[[ Records to use, beginning ]]
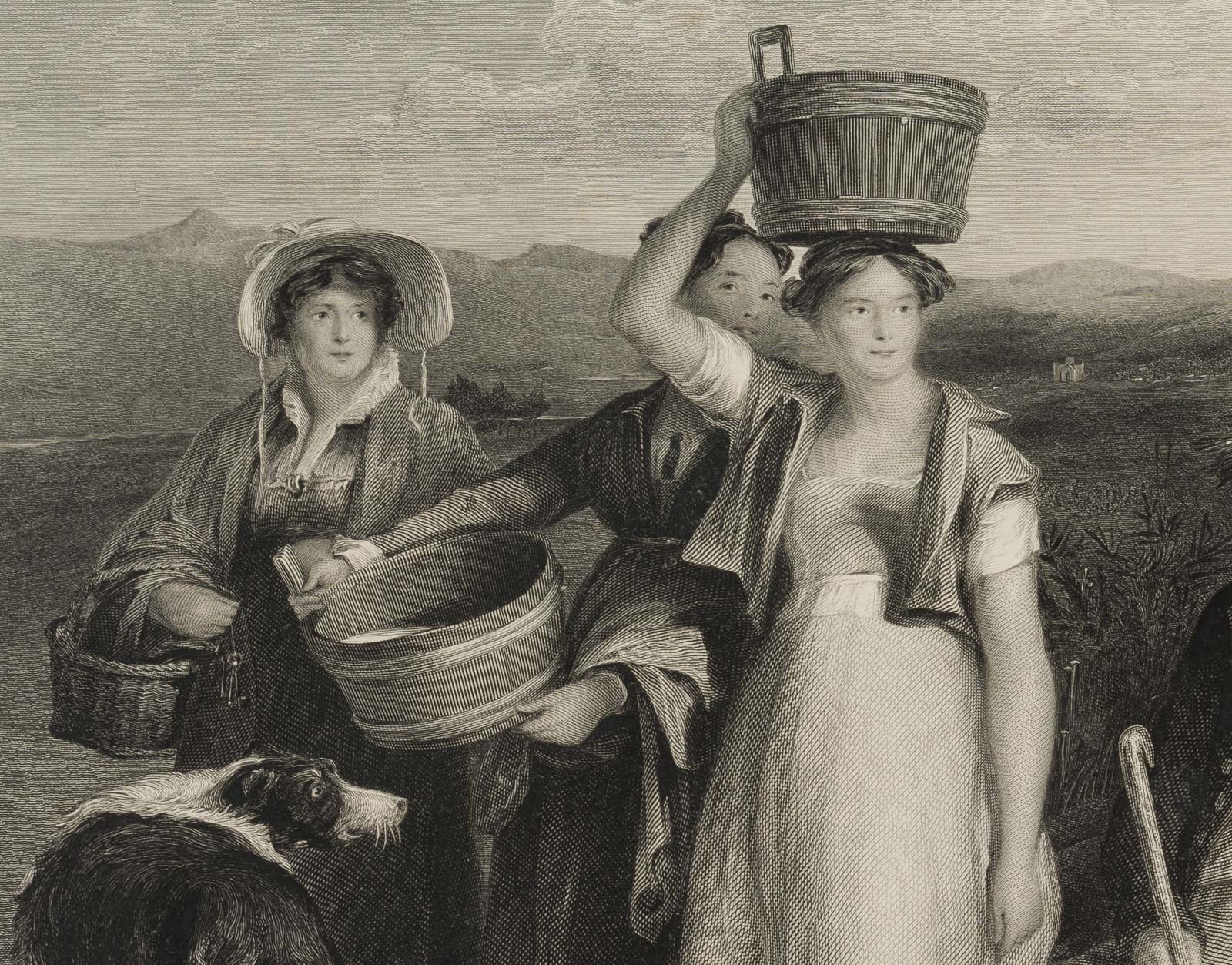 - Bezeichnung: Unten links in der Darstellung signiert und datiert “Wilkie 1817”. Unter der Darstellung signiert “Painted by Sir David Wilkie, R.A. / Engraved by Robert Graves A.R.A.”, darunter betitelt und mit Widmung an Sir Adam Fergusone Deputy / This Engraving from the Original Picture in his possession is most respectfully dedicated by his obliged obedient Servants Hodgson & Graves”. Darunter mit Publikationszeile “London Publsihed June 1837 by Hodgson & Graves , Pall Mall”.
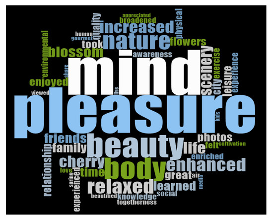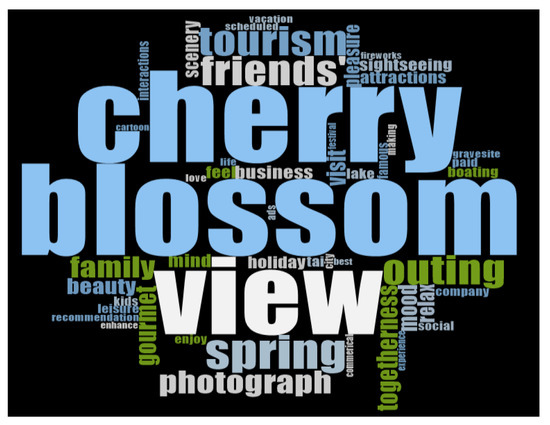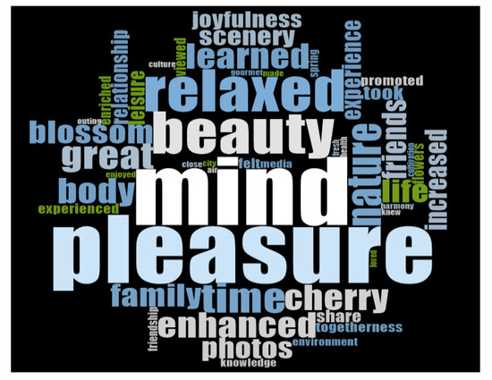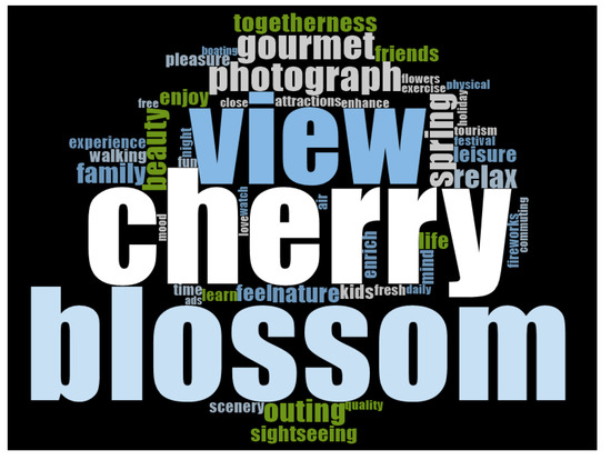 In terms of benefits, attending the festival was considered to be the source of mind pleasure, which is among the top benefits stated by both groups, with the two words “mind” and “pleasure” accounting for 18.75% and 12.46% of the total percentage, respectively. Another frequently mentioned benefit is related to beauty (4.72% for locals vs. 3.89% for tourists), which refers to the experience of natural beauty or the role of cherry blossoms in city beautification. Other common benefits for both groups include relaxation, learning knowledge about cherry blossoms, increase of environmental awareness, sharing of photos and videos via social media, family relationship enhancement, etc.
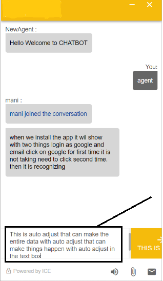 ICE application provides resizable text box for visitor console. In this case, if a visitor enters a lengthy sentence in the text box, the size of the text box expands like the one as shown below-
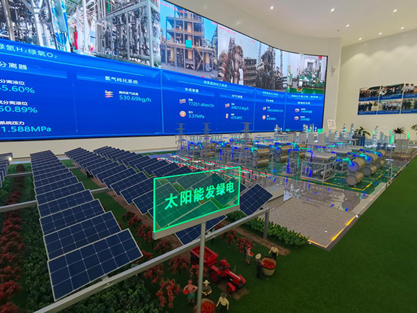 寧夏寶豐能源集團(tuán)太陽能電解水制氫項目沙盤。(新華社記者靳赫攝)
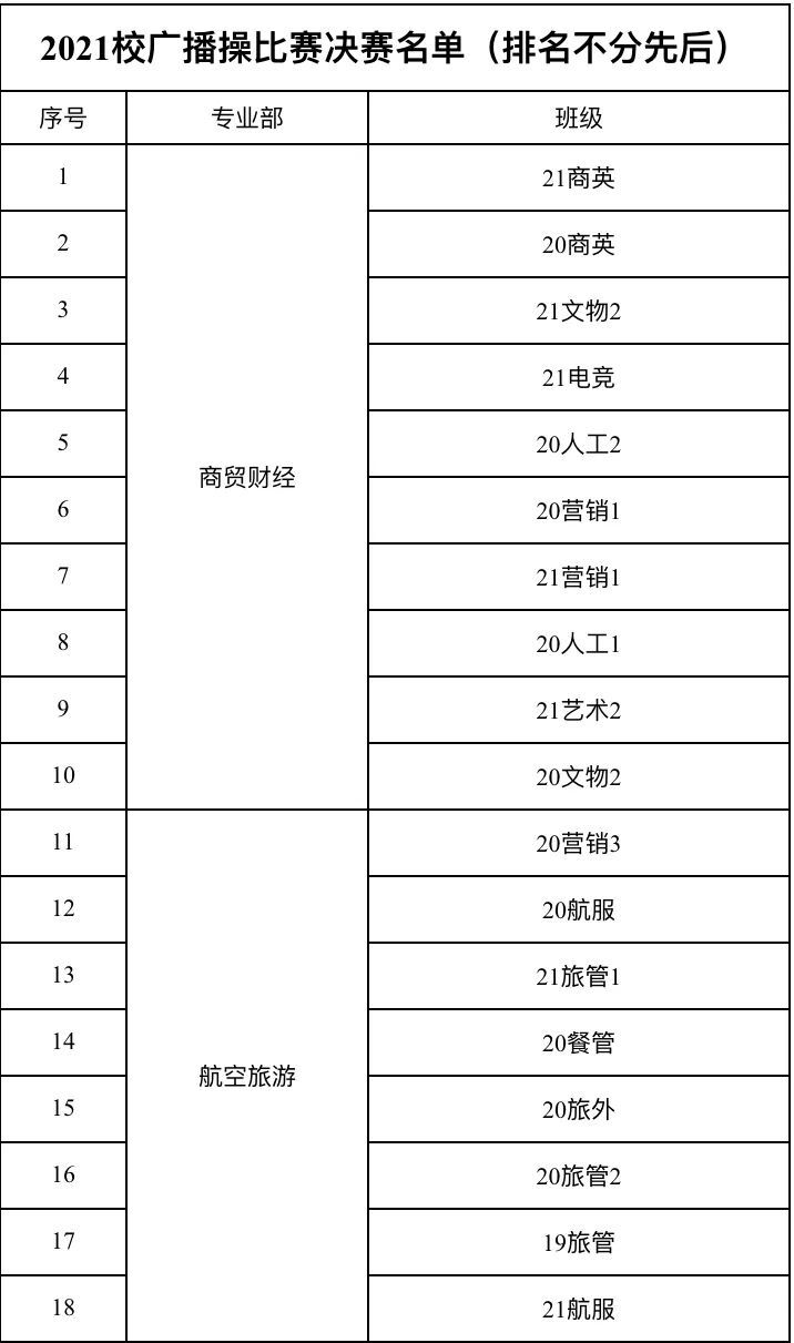 为丰富校园文化生活,提高学生们的身体素质,培养同学们团结协作奋发向上的精神风貌,增强集体荣誉感。10月18日我校商贸财经专业部和航空旅游专业部分别在贵州路101号和浦东南路1548号操场上组织了全校广播操比赛初赛。
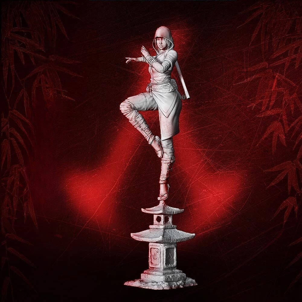 Η στολή της, με παραδοσιακά ιαπωνικά στοιχεία και Assassin λεπτομέρειες, καθώς και η κουκούλα που κρύβει μερικώς το πρόσωπό της, δημιουργούν μια φιγούρα μυστηριώδη αλλά επικίνδυνη. Το diorama περιλαμβάνει βάση εμπνευσμένη από την Ιαπωνία της εποχής Sengoku, ενισχύοντας την ατμόσφαιρα του παιχνιδιού.
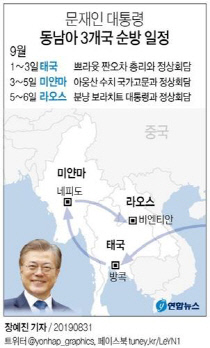 문재인 대통령이 다음 달 1~6일까지 5박 6일간 태국·미얀마·라오스 등 동남아 3개국 순방에 나선다. 태국은 공식방문, 미얀마·라오스는 국빈방문으로 문 대통령은 취임 후 아세안 10개국을 모두 방문을 마쳐 신남방정책 추진에 활력소가 될 전망이다. 아세안 국가는 브루..
[[ Records to use, end ]]
What you have to do -
Please restate exactly the lines from the one containing "寧夏寶豐能源集團(tuán)太陽能電解水制氫項目沙盤。(新華社記者靳赫攝)" down to the end of the material, both ends kept, and do not include the pictures.

Written response -
 寧夏寶豐能源集團(tuán)太陽能電解水制氫項目沙盤。(新華社記者靳赫攝)
 为丰富校园文化生活,提高学生们的身体素质,培养同学们团结协作奋发向上的精神风貌,增强集体荣誉感。10月18日我校商贸财经专业部和航空旅游专业部分别在贵州路101号和浦东南路1548号操场上组织了全校广播操比赛初赛。
 Η στολή της, με παραδοσιακά ιαπωνικά στοιχεία και Assassin λεπτομέρειες, καθώς και η κουκούλα που κρύβει μερικώς το πρόσωπό της, δημιουργούν μια φιγούρα μυστηριώδη αλλά επικίνδυνη. Το diorama περιλαμβάνει βάση εμπνευσμένη από την Ιαπωνία της εποχής Sengoku, ενισχύοντας την ατμόσφαιρα του παιχνιδιού.
 문재인 대통령이 다음 달 1~6일까지 5박 6일간 태국·미얀마·라오스 등 동남아 3개국 순방에 나선다. 태국은 공식방문, 미얀마·라오스는 국빈방문으로 문 대통령은 취임 후 아세안 10개국을 모두 방문을 마쳐 신남방정책 추진에 활력소가 될 전망이다. 아세안 국가는 브루..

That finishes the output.